Reason #3 Organisation that succeed, work cross functional and control the project scope together allowing them to focus resources on the areas that truly meet the objectives – irrespective of their department. The pitfall is that if you fail to do this executives think only of their own areas and this leads them to over promise and over commit often in contradiction with each other, this in turn leads to them to fail to achieve the success they planned and have paid for.
Therefore work together and only bite off what you can collectively swallow, keep scope small. Focused on your collective aims and how manageable they are. Do only what you need, understand what your organisation can cope with both from an execution and change perspective. Every additional scope you add to your project will need an additional project manager, a team and probably an integration manager to keep it all aligned. You know how it works … ERP goes left, HRIS goes right, now you can’t tie employees to roles, or authorisation to workflows ….. I know you have all been there and lived that!
Discussing this with my peers, we can’t tell you how many millions of USDs we have witnessed spent in meetings, licences and developments, that never get deployed. Consider how many of you have seen splinter projects, parallel projects, functional initiatives that have burned money without cross functional agreement and lead to no net gain. In fact they deprive the core project of key resources and set executive expectations too high. Keep the team focused on the GOALS you set at the beginning, not the dreams.

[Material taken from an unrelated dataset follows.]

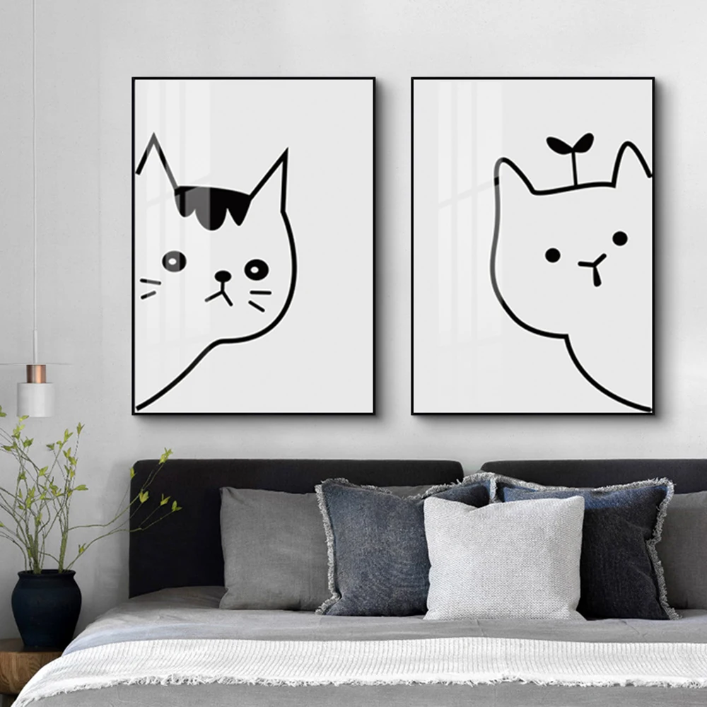Украшение для комнаты девочки с изображением милой кошки на холсте, в скандинавском стиле, декоративные обои с животными для гостиной и спальни

Let me be clear don’t do ERP, demand planning, financial transformation and lean conversions and payroll all at the same time. You will find it extremely hard to manage it and the business may not be able to change quick enough to cope. if you don’t yet realise that desire does not equal ability you may tear the company apart. Instead focus on what actually adds value to your company. As leaders you have to agree how best to focus and use the limited resources at your disposal. taking the alternative view point you can be the company of AND and not of OR, but that comes at a cost few truly understand and even less are prepared to pay for.
Remember
> Nothing comes out if the box – really everything will need some level of customisation, configuration, planning and change management to meet your needs.
> Almost everything will require some support and maintenance in the long run, always consider that.
> Plug in and play only really works on a Playstation not in business.
> Changing people without breaking productivity is a slow process and requires them to believe, not just do or understand.
> In adoption you may need to change your business processes to keep cost lower.
> If it sounds too good to be true it probably is.
Most importantly – Listen to your team, they are the experts you have already pay for. Their advice is worth 100 times that of a consultant.
If you don’t like what they have to say, either change them or change yourself. You will achieve little if you’re not both focused on the same destination.
Keep on working, great job!
I really do consider all the ideas you have presented on your post.
They’re very convincing and definately will definitely work.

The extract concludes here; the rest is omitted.